Jednocześnie podwyższona awersja do ryzyka wpływa niekorzystnie na chęć przedsiębiorstw do inwestowania. To oznacza niższy popyt na kredyt, co zniekształca mechanizm transmisji polityki pieniężnej.
Poprawa danych
Opublikowane dzisiaj dane przyniosły pozytywne zaskoczenie. Indeks ZEW ilustrujący oczekiwania analityków dotyczące perspektyw niemieckiej gospodarki zanotował kolejny wzrost, wspinając się najwyżej od 11 miesięcy. Wskaźnik podtrzymując udaną passę, wskazuje na kontynuowanie korzystnych tendencji w najważniejszej gospodarce strefy euro.
Raport ZEW zatarł w pewnym stopniu złe wrażenie, jakie zrobiły ostatnio dane z nadreńskiego przemysłu – zawiodły zarówno odczyty dotyczące zamówień oraz produkcji.
W dodatku raport EBC pokazał, że banki łagodzą warunki kredytowe trzeci miesiąc z rzędu oraz widać poprawę popytu na kredyt. W tym miejscu widać, że nasilenie działań ze strony EBC w połowie 2014 roku, stopniowo przenika do realnej gospodarki. Chociaż awersja do ryzyka jest silna, to działania pod postacią TLTRO i rekordowo niskich stóp procentowych, jeżeli zostaną dodatkowo wzmocnione QE, wreszcie znajdą silniejsze odbicie w postawie europejskiej gospodarki.

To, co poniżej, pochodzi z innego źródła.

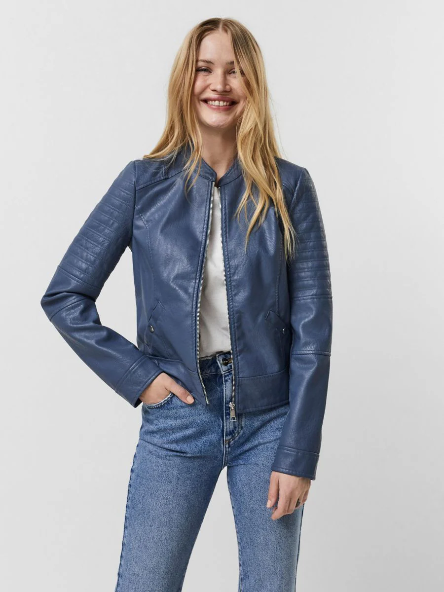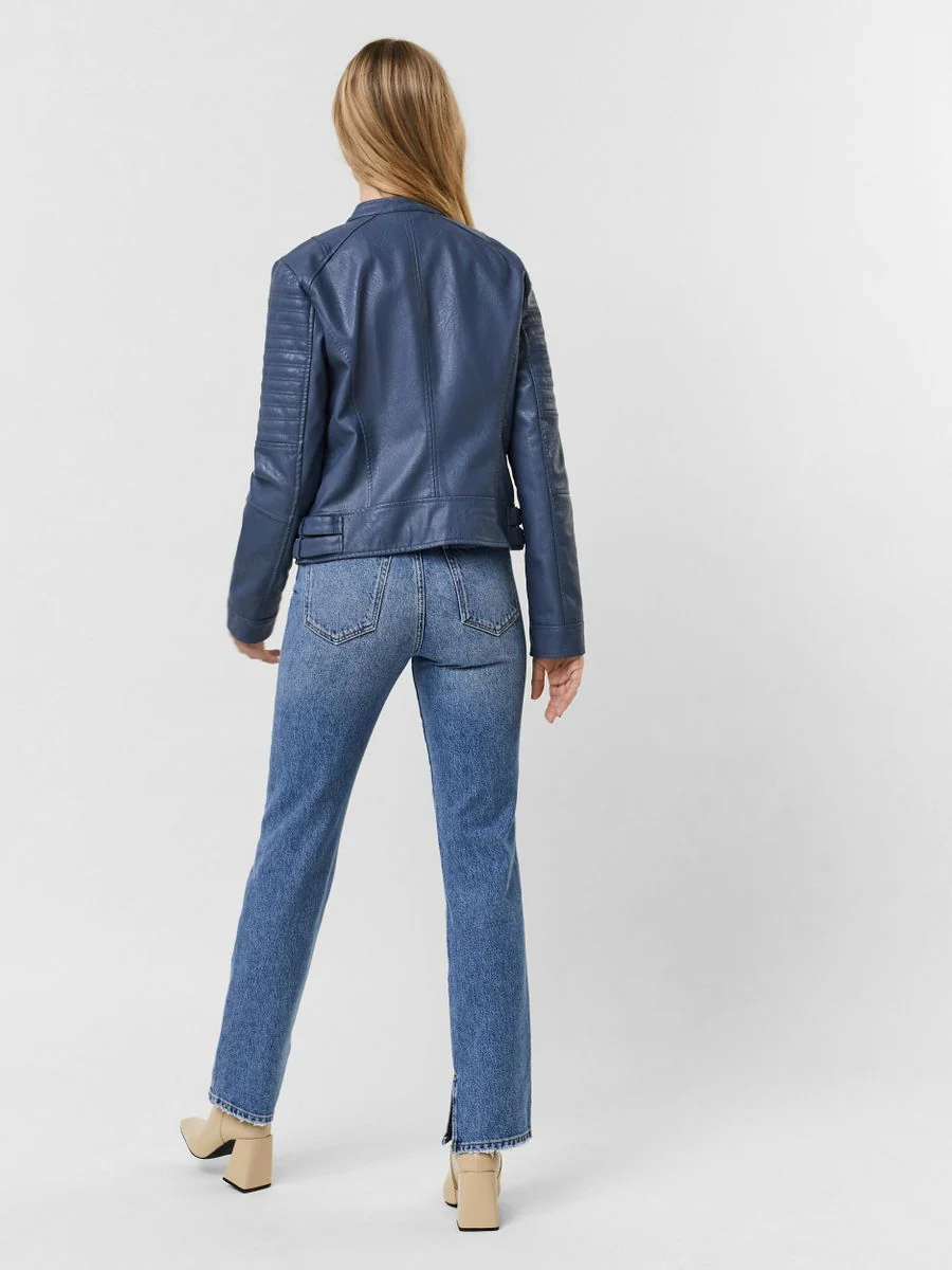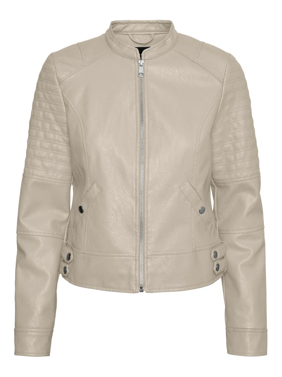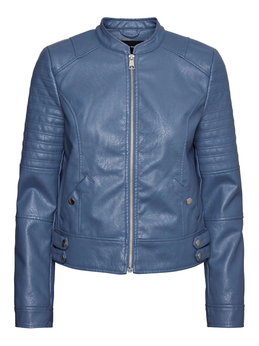 10256018 – Giacca in eco pelle basica con impunture sulle braccia.

Także dane z Chin wypadły dosyć nieźle. Chociaż gospodarka zanotowała najniższy wzrost od 24 lat, to jednak tempo wzrostu było wyższe, niż zakładały prognozy analityków. W całym 2014 roku gospodarka urosła o 7.4 procent – trochę mniej niż rządowy cel wynoszący 7.5 procent. Ostatnim razem gospodarka rosła równie wolno w 1990 roku. Jednak w czwartym kwartale wzrost wyniósł 7.3 procent – trochę lepiej od prognoz.

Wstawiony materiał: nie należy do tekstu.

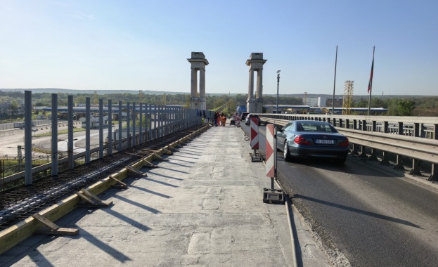 Продължава монтажът на пътните панели при основния ремонт на Дунав мост при Русе

Poprawa danych nie znalazła jednak istotnego przełożenia na rynkowy sentyment. Do czasu czwartkowych rozstrzygnięć w EBC rynki pozostaną uczulone jedynie na spekulacje, dotyczące pełnego quantitative easing w unii monetarnej.
Złoty znowu pod presją
Po pewnej stabilizacji w poniedziałek złoty dzisiaj powrócił do spadków w relacji do franka szwajcarskiego. Skala ruchów jest jednak umiarkowana, patrząc na zamiany widziane ostatnio. Zamienność pary CHF/PLN stopniowo będzie gasnąć, lecz stabilizacja będzie miała miejsce na wysokim poziomie.

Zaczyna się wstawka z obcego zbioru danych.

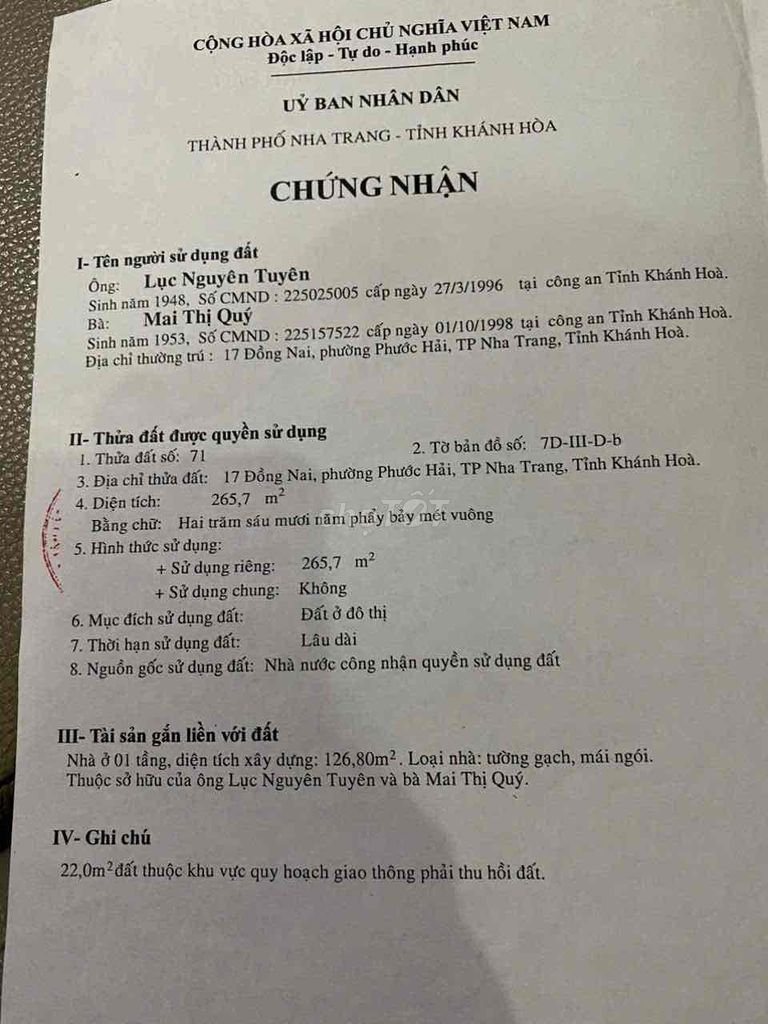 Mức giá 77,49 triệu/m² (20,535 tỷ cho diện tích đất 265 m²) là khá cao so với mặt bằng chung bất động sản tại khu vực TP. Nha Trang, Khánh Hòa. Tuy nhiên, giá này có thể được coi là hợp lý trong một số trường hợp nhất định như vị trí đất mặt tiền đường lớn, thuận tiện kinh doanh hoặc xây dựng nhà ở kết hợp kinh doanh, cùng với việc tặng kèm nhà 2 tầng đầy đủ nội thất và pháp lý rõ ràng.

Większego wrażenia na notowaniach złotego nie zrobiły dane z rynku pracy. Wszystkie opublikowane dzisiaj raporty – dane o zatrudnieniu i raport o wynagrodzeniach – były lepsze od
prognoz. To potwierdza przekonanie, że rosnące płace będą czynnikiem wspierającym powrót inflacji do celu w dłuższej perspektywie. Dane świadczą ponadto o rosnących realnych wynagrodzeniach gospodarstw domowych, co będzie działało korzystnie na konsumpcję, a przez to na wzrost PKB.
Jutro zostanie opublikowany raport o produkcji przemysłowej. Oczekiwania zakładają wzrost o 5.3 procent rok do roku. Raport powinien potwierdzić przekonanie o zadowalającej kondycji polskiej gospodarki.
Dla złotego kluczowa będzie reakcja inwestorów na decyzje EBC. Jeżeli rynek będzie zadowolony, to można oczekiwać poprawy apetytu na ryzyko, co powinno wpłynąć korzystnie na postawę polskiej waluty w dłuższej perspektywie.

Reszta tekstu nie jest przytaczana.